> Instructions for the task
Would it be possible to output exactly, and only, the lines below from the one holding "Passos Coelho queria" to the last line, both included, with every picture left out?

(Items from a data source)
○ ○ ○ ○ ○

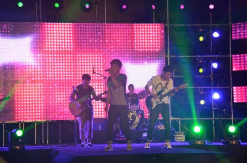 我院的陈怀乐和胡海,通用学院的徐文静这些校园优秀歌手也前来助阵演唱,高亢激烈的《拯救》、低沉厚重的《等待》淋漓尽致地展现了他们深厚的演唱功底,充分体现了校园音乐节内容丰富,风格多样的特点。本次演唱会还设置了礼品互动环节,更将现场氛围掀起一轮又一轮的高潮。21时,演唱会在集体合唱《朋友》中圆满落下帷幕。
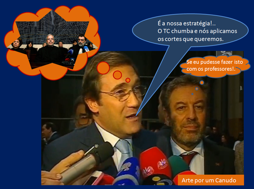 Passos Coelho queria cortes nas pensões, o tribunal constitucional chumba-lhe as intenções e ele alarga a fasquia da contribuição extraodinária de solidariedade à maioria dos pensionistas. Também vai aumentar a contribuição para a ADSE, ADM e SAD de 2,5% para 3,5%. Depois diz e quer que acreditemos que não são aumentos no custo de vida, porque, aumentos para ele é se tivessem o nome de impostos. Muda o nome e julga que o efeito não é o mesmo. E esta hein?
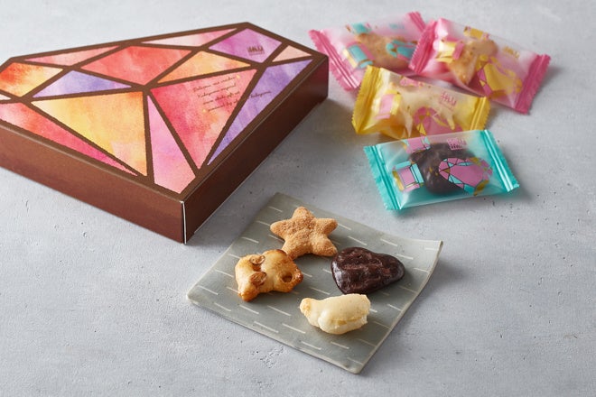 おかき専門店「赤坂柿山」の4種のおかきをピンクのダイヤ型ボックスに詰め合わせたバレンタイン限定セット。チョコレートやキャラメル、 チーズ味など、甘辛両方楽しめる洋風のセットは、ご友人へのプチ ギフトにぴったり。甘いものが苦手な方にもおすすめです。
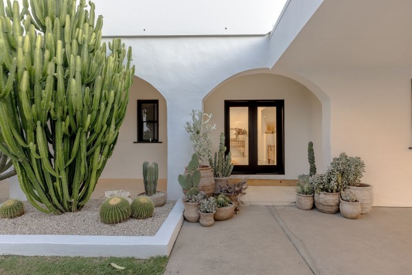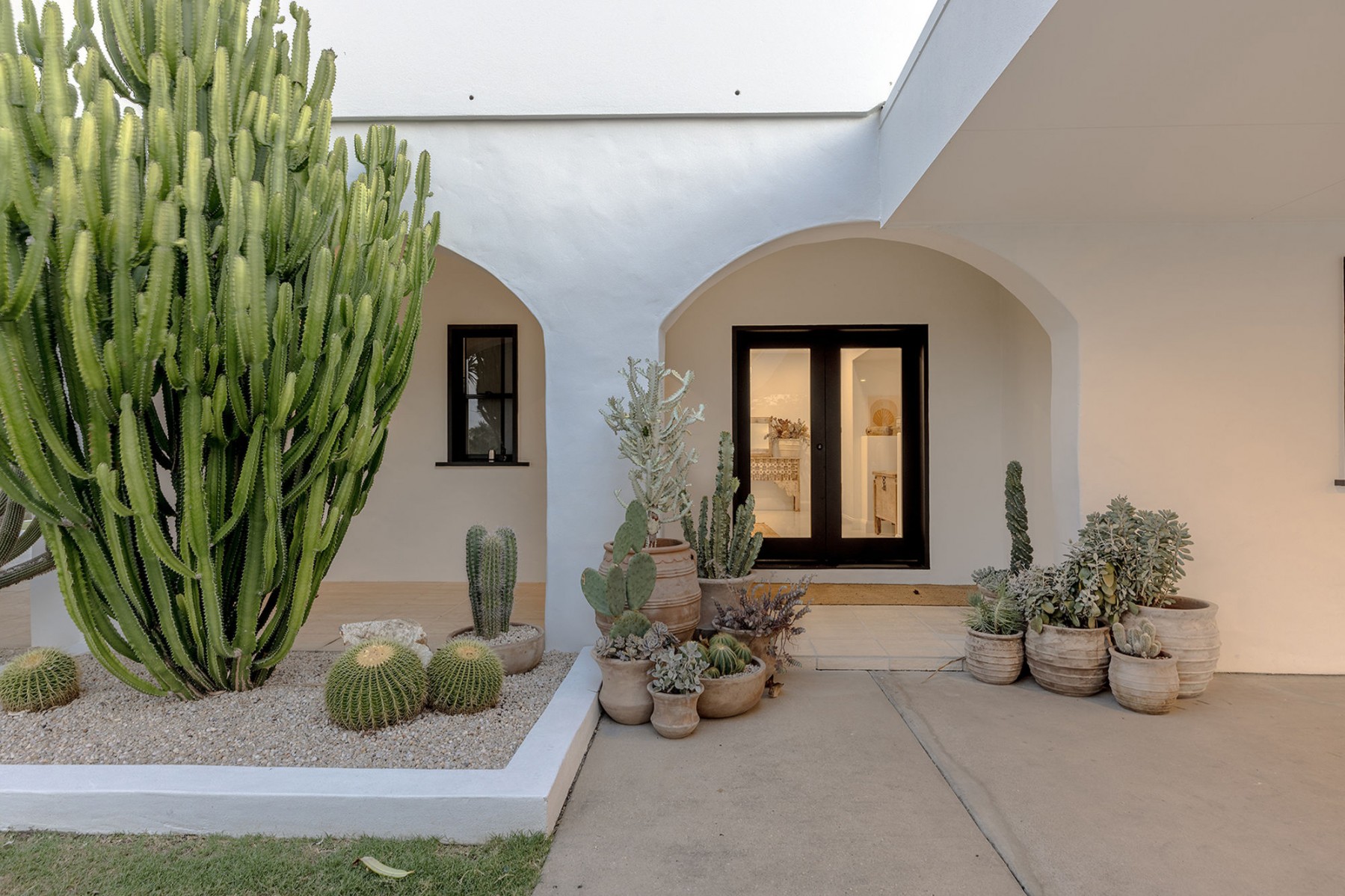 - Striking Mediterranean design with curved architecture and white-rendered exterior
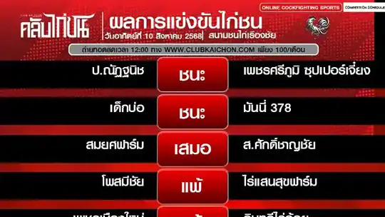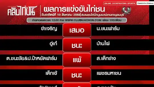 สรุปผลไก่ชน 10 สิงหาคม 68 สนามชนไก่เรืองชัย

○ ○ ○ ○ ○

> Answer box
 Passos Coelho queria cortes nas pensões, o tribunal constitucional chumba-lhe as intenções e ele alarga a fasquia da contribuição extraodinária de solidariedade à maioria dos pensionistas. Também vai aumentar a contribuição para a ADSE, ADM e SAD de 2,5% para 3,5%. Depois diz e quer que acreditemos que não são aumentos no custo de vida, porque, aumentos para ele é se tivessem o nome de impostos. Muda o nome e julga que o efeito não é o mesmo. E esta hein?
 おかき専門店「赤坂柿山」の4種のおかきをピンクのダイヤ型ボックスに詰め合わせたバレンタイン限定セット。チョコレートやキャラメル、 チーズ味など、甘辛両方楽しめる洋風のセットは、ご友人へのプチ ギフトにぴったり。甘いものが苦手な方にもおすすめです。
 - Striking Mediterranean design with curved architecture and white-rendered exterior
 สรุปผลไก่ชน 10 สิงหาคม 68 สนามชนไก่เรืองชัย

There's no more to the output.